To make this concrete, suppose you validate your map against 100 known pixel locations. The matrix might show 40 True Positives, 45 True Negatives, 5 False Positives, and 10 False Negatives. From these four numbers alone, Spheer derives the accuracy of the model, which tells you the overall hit rate and is calculated as
- (True Positives + True Negatives) / Total Predictions, here (40 + 45) / 100 = 85%.
Accuracy gives an indication of how often the model is correct overall, the proportion of all predictions across every class that match the ground truth, meaning what you know to be there on the ground, independent of any prediction. It answers the broadest possible question: out of everything the model predicted, how much did it get right? In the example above, with 40 True Positives and 45 True Negatives out of 100 locations, accuracy is 85%, meaning the model agreed with reality in 85 out of every 100 cases.

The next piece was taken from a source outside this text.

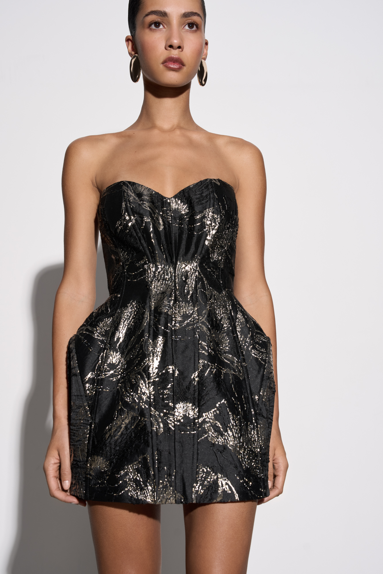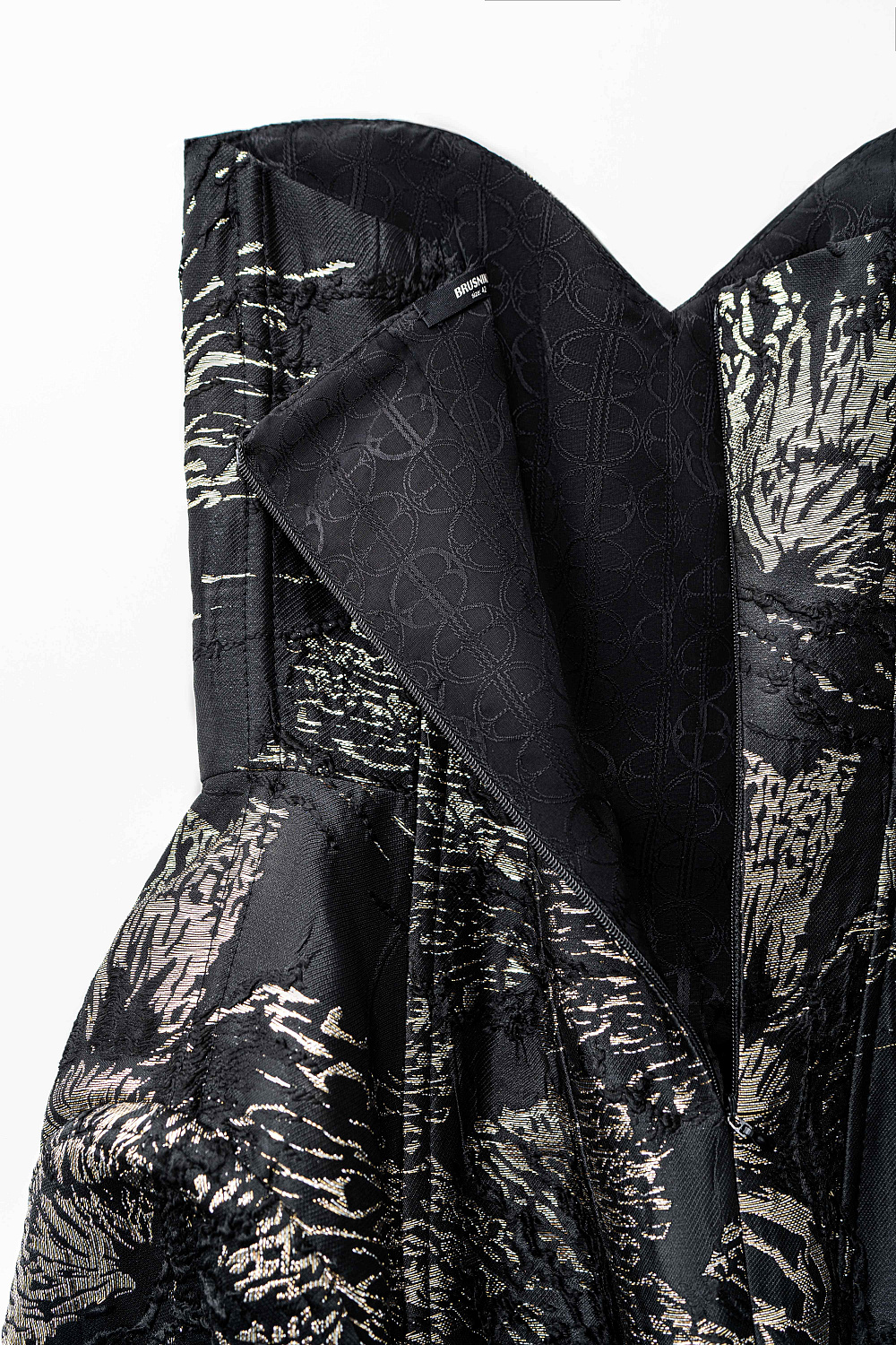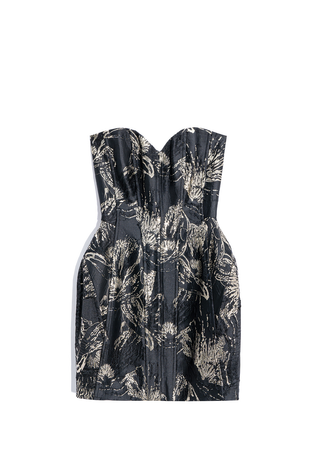 Mini-length dress made of jacquard. Model with a corset top and a figured neckline. Concealed zip fastening at the back. The product is lined.

However, just using accuracy can be misleading when classes are imbalanced. Consider mapping a rare land-cover type that occupies only a tiny fraction of your area: a model that simply predicts "everything else" everywhere could score very high accuracy while catching none of the class you actually care about. This is precisely why the confusion matrix is so valuable: it forces you to look beyond a single headline number.
How you should use a confusion matrix depends entirely on what a mistake costs you in your specific context. If you are mapping rare vegetation zones, a False Negative, labelling a potential habitat as not-possible, may carry far heavier consequences than a False Positive.
The confusion matrix is therefore not just a report card but a decision-making tool: it reveals where and how your model fails, lets you weigh the real-world consequences of each type of error, and guides you toward better placement of observations and the trade-offs that fit your problem. Reading it well is the difference between trusting a Spheer map blindly and understanding exactly what you are trusting it to do.
The Confusion Matrix inside the Spheer App
Inside the Spheer app, the confusion matrix is built around a clear separation between the data you use to train your model and the data you use to validate it. In the train layers you add observations that are used for training the model. To measure how good those predictions actually are, Spheer lets you create validation layers. The observations within these layers we call validation shapes, and they are how you hand Spheer your ground truth observations. Ground truth is simply the correct answer at a location, established independently of the model: data which you collected or has been given to you of that area. Unlike train shapes, validation shapes never teach the model;
they describe what the answer should be at a set of locations you have set aside for checking.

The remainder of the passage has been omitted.